=== Exercise prompt ===
Below is a set of records; reproduce them exactly without their pictures.

───── Extracted data ─────

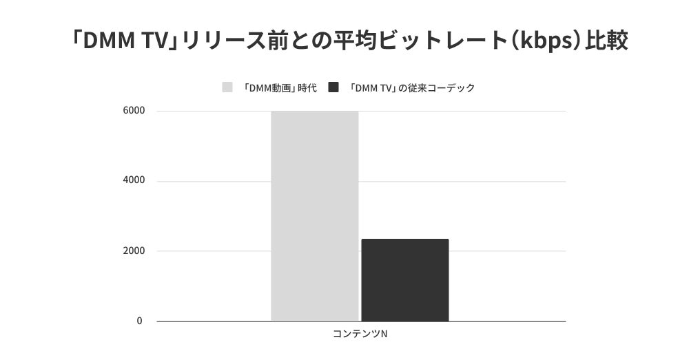 DMMにおいても、20年以上にわたり動画配信サービスを運営する中で、コンテンツの高圧縮化と高画質化にも取り組んでまいりました。2022年12月より提供している「DMM TV」においては、リリース当初よりコンテンツ種別による独自処理やシーン分析によるパラメータ調整など、様々な新しいアプローチによって高い圧縮率と高画質を両立し、「DMM TV」リリース以前に提供していた「DMM動画」と比較して1/3程度のデータ量で同等の画質を実現していました(図3)。
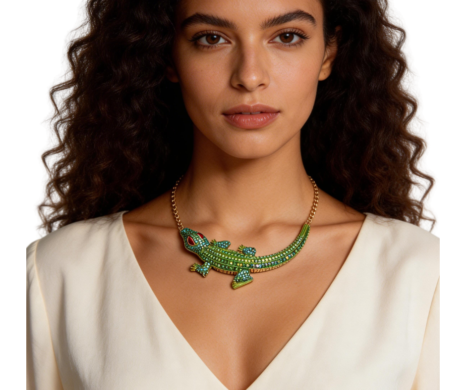 Make a striking impression with this rhinestone paved bold alligator accent statement necklace. Featuring a detailed alligator design fully adorned with shimmering rhinestones, this unique piece brings bold character and eye-catching sparkle. The statement silhouette makes it perfect for adding a dramatic touch to both casual and dressy looks.
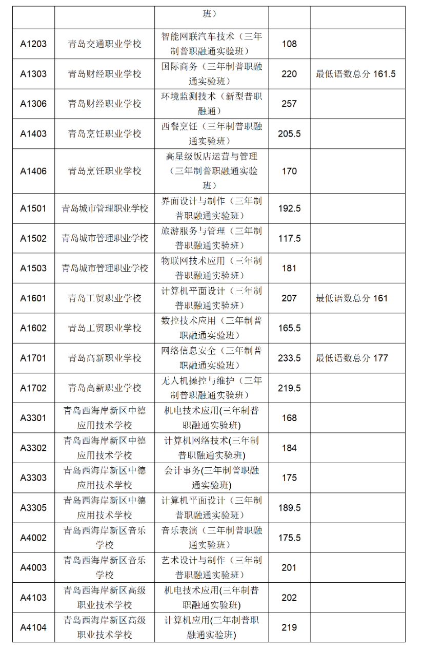 现将2022年青岛市职业类学校第一阶段招生录取分数线公告如下:
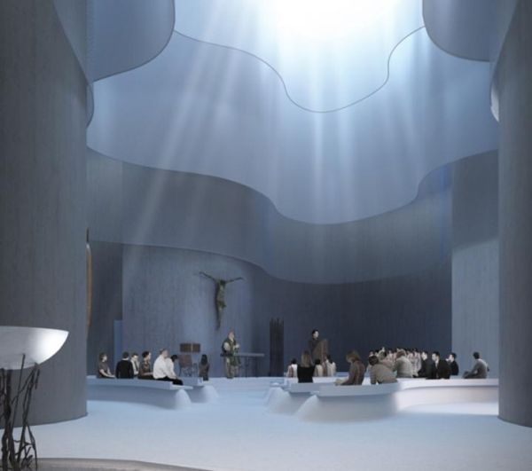La chiesa dedicata a Santa Maria Goretti si configura come elemento unico all’interno del contesto in cui è collocato. La facciata principale, che si apre sulla nuova piazza della chiesa, è caratterizzata da pochi ma essenziali elementi che definiscono i principali segni di riconoscibilità della tradizione cristiana: il portale di ingresso e la croce. La pianta dalla forma organica è disegnata partendo dalle curve di alcune delle più belle chiese barocche, venendo a creare una pianta monumentale e dinamica in cui lo spazio centrale si confronta e si rapporta in maniera differente con le cappelle laterali. Le opere d’arte sono state ideate tenendo conto del progetto architettonico e delle sedi indicate per la loro destinazione. L’intento, è stato quello di far convivere in modo armonico le due discipline senza tradirne l’autonomia. Per queste, ci si è avvalso di materiali legati alla tradizione come, il marmo, il bronzo e il mosaico che si confrontano e dialogano con l’eco del barocco che si percepisce nell’innovativo carattere dell’architettura. Alcune opere saranno più vicine alle forme fluide delle pareti della Cappella, come l’Ambone, la figura della Vergine Maria, la Custodia Eucaristica e il Fonte Battesimale. Gli edifici sono stati progettati secondo i principi della progettazione passiva per attingere alle risorse naturali: essi infatti ‘respirano’ grazie alla ventilazione e sono illuminati naturalmente, limitando il ricorso agli impianti meccanici e promuovendo un rapporto armonioso con il creato. Progetto vincitore del Progetto Pilota CEI 2011 Artista: Giuseppe Maraniello Liturgista: Don Amilcare Zuffi Strutture: Favero & Milan Impianti tecnici: Manens – TIFS Illuminotecnica: Cannata Lightning Design Rendering 3D: ENGRAM Consiglia questo progetto ai tuoi amici Commenta questo progetto
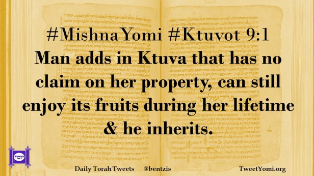 #MishnaYomi #Ktuvot 9:1 Man adds in Ktuva that has no claim on her property, can still enjoy its fruits during her lifetime & he inherits.

─────

=== Response below ===
 DMMにおいても、20年以上にわたり動画配信サービスを運営する中で、コンテンツの高圧縮化と高画質化にも取り組んでまいりました。2022年12月より提供している「DMM TV」においては、リリース当初よりコンテンツ種別による独自処理やシーン分析によるパラメータ調整など、様々な新しいアプローチによって高い圧縮率と高画質を両立し、「DMM TV」リリース以前に提供していた「DMM動画」と比較して1/3程度のデータ量で同等の画質を実現していました(図3)。
 Make a striking impression with this rhinestone paved bold alligator accent statement necklace. Featuring a detailed alligator design fully adorned with shimmering rhinestones, this unique piece brings bold character and eye-catching sparkle. The statement silhouette makes it perfect for adding a dramatic touch to both casual and dressy looks.
 现将2022年青岛市职业类学校第一阶段招生录取分数线公告如下:
La chiesa dedicata a Santa Maria Goretti si configura come elemento unico all’interno del contesto in cui è collocato. La facciata principale, che si apre sulla nuova piazza della chiesa, è caratterizzata da pochi ma essenziali elementi che definiscono i principali segni di riconoscibilità della tradizione cristiana: il portale di ingresso e la croce. La pianta dalla forma organica è disegnata partendo dalle curve di alcune delle più belle chiese barocche, venendo a creare una pianta monumentale e dinamica in cui lo spazio centrale si confronta e si rapporta in maniera differente con le cappelle laterali. Le opere d’arte sono state ideate tenendo conto del progetto architettonico e delle sedi indicate per la loro destinazione. L’intento, è stato quello di far convivere in modo armonico le due discipline senza tradirne l’autonomia. Per queste, ci si è avvalso di materiali legati alla tradizione come, il marmo, il bronzo e il mosaico che si confrontano e dialogano con l’eco del barocco che si percepisce nell’innovativo carattere dell’architettura. Alcune opere saranno più vicine alle forme fluide delle pareti della Cappella, come l’Ambone, la figura della Vergine Maria, la Custodia Eucaristica e il Fonte Battesimale. Gli edifici sono stati progettati secondo i principi della progettazione passiva per attingere alle risorse naturali: essi infatti ‘respirano’ grazie alla ventilazione e sono illuminati naturalmente, limitando il ricorso agli impianti meccanici e promuovendo un rapporto armonioso con il creato. Progetto vincitore del Progetto Pilota CEI 2011 Artista: Giuseppe Maraniello Liturgista: Don Amilcare Zuffi Strutture: Favero & Milan Impianti tecnici: Manens – TIFS Illuminotecnica: Cannata Lightning Design Rendering 3D: ENGRAM Consiglia questo progetto ai tuoi amici Commenta questo progetto
 #MishnaYomi #Ktuvot 9:1 Man adds in Ktuva that has no claim on her property, can still enjoy its fruits during her lifetime & he inherits.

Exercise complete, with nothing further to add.